As if wrecking his cars and running up huge bills weren’t bad enough, all of the group sex that the gang was engaging in took a turn for the worse (as it tends to do). No one knows who the first member of the Family was to contract gonorrhea, but whoever it was gave it to the rest of the girls, and one of the girls (or multiple girls) gave it to Wilson. The drummer did the only thing he could and took the whole family to get penicillin shots.
Wilson claimed, “It was probably the largest gonorrhea bill in history,” and his claim was later backed up in Rolling Stone by an anonymous member of the Beach Boys. “Dennis ran up the largest gonorrhea bill in history the time the whole family got the clap. He took them all to a Beverly Hills doctor – it took something like a thousand dollars in penicillin.”

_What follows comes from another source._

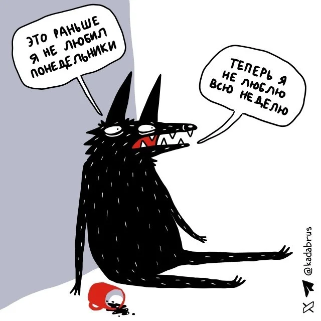 Беззаботные экстраверты, у которых стакан всегда наполовину полон - это довольно редкая порода людей. И эти вечные "позитиффчики" порой... мягко сказать, раздражают. Ведь иногда человеку свойственно нервничать, бояться, злиться, суетиться и грустить. Прокрастинация и депрессия - это слова, которые лучше всего опишут героя этого комикса. Да, он большой любитель пожаловаться на жизнь, но тем не менее каждый из нас может его понять. Давайте поддержим депрессивного волка, еще вся рабочая недели впереди...
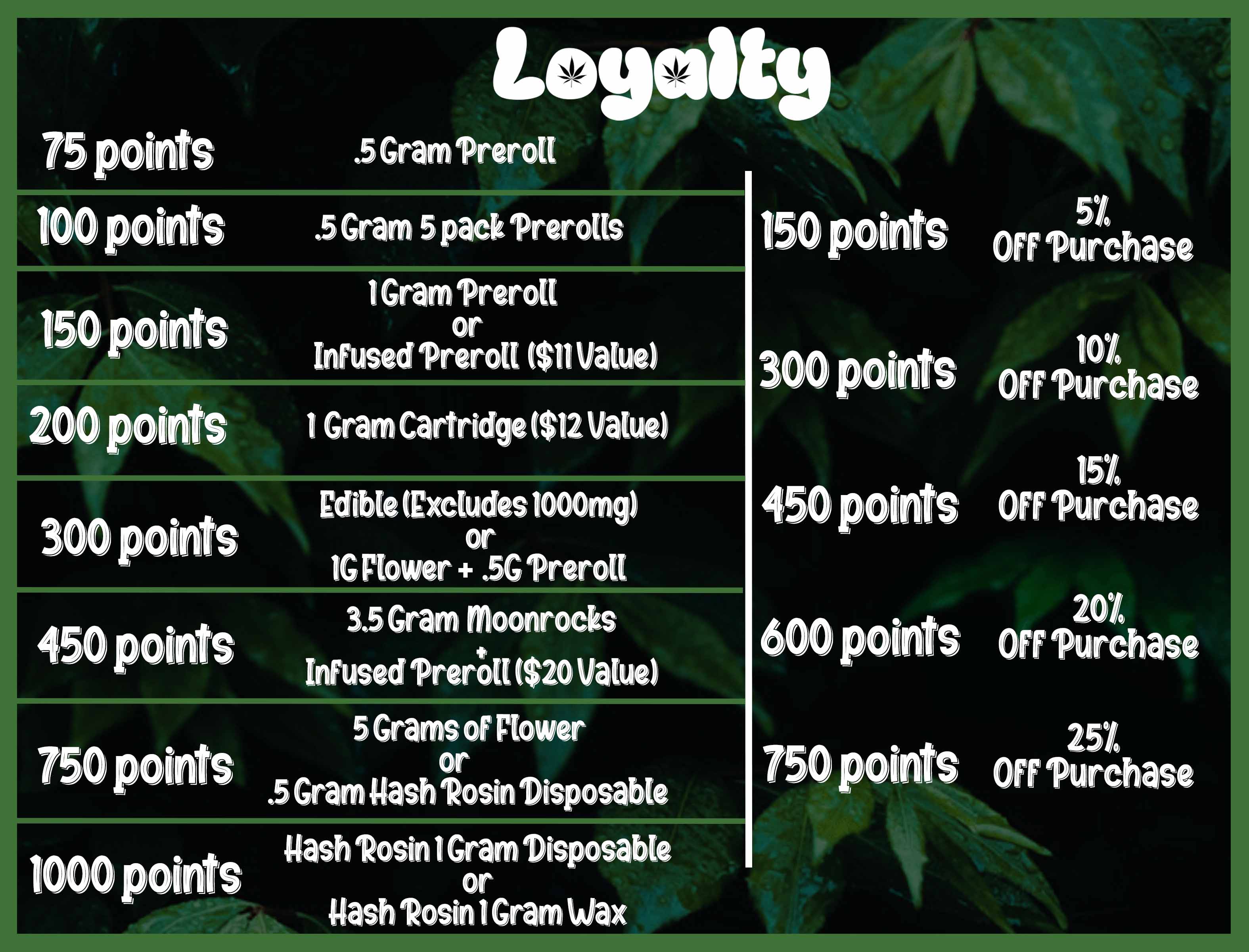 At 1912 Cannabis Company, we value your loyalty to cannabis. With every purchase, you'll earn valuable loyalty points that can be redeemed for discounts.

The Family Threw Huge Parties At Wilson's Place

As Manson and his cronies continued to destroy Wilson’s life, they turned his home into a party palace and walked around liked they owned the place. Wilson may have been partying hard in his home before he was entangled with the Family, but Manson’s parties were a different kind of fun.
One member of the Beach Boys who spoke to spoke to Rolling Stone under the auspices of anonymity said, “We’ve got several eight-track tapes of Charlie and the girls that Dennis cut, maybe even some 16-track. Just chanting, f*cking, sucking, barfing. Maybe we’ll put it out in the fall. Call it ‘Death Row.’” Manson took Wilson’s idyllic never-ending summer and turned it dark. He corrupted it and made it nasty, a microcosm of what he would finally do to the ‘60s just a few months after Wilson finally parted ways with him.
The Bullet

Manson got part of his wish to be a rock legend when the Beach Boys recorded a version of his song “Cease to Exist,” but they did the opposite of everything he asked them to. They changed the music from its bluesy twang to a more refined pop sound, they changed the lyrics, they changed the title, and most heinous of all in Manson’s eyes - they changed the credit.
Dennis Wilson was the sole writer credited for “Never Learn Not To Love,” and this sent Manson over the edge. One day in 1968 Manson walked up to Wilson holding a single bullet. When Wilson asked him what it was, Manson replied, “It’s a bullet. Every time you look at it, I want you to think how nice it is your kids are still safe."
According to musician Van Dyke Parks, Wilson beat the snot out of Manson in front of a bunch of “hip people.” With his tail between his legs, Manson retreated to Spahn ranch and began planning what would become the Tate-LaBianca murders.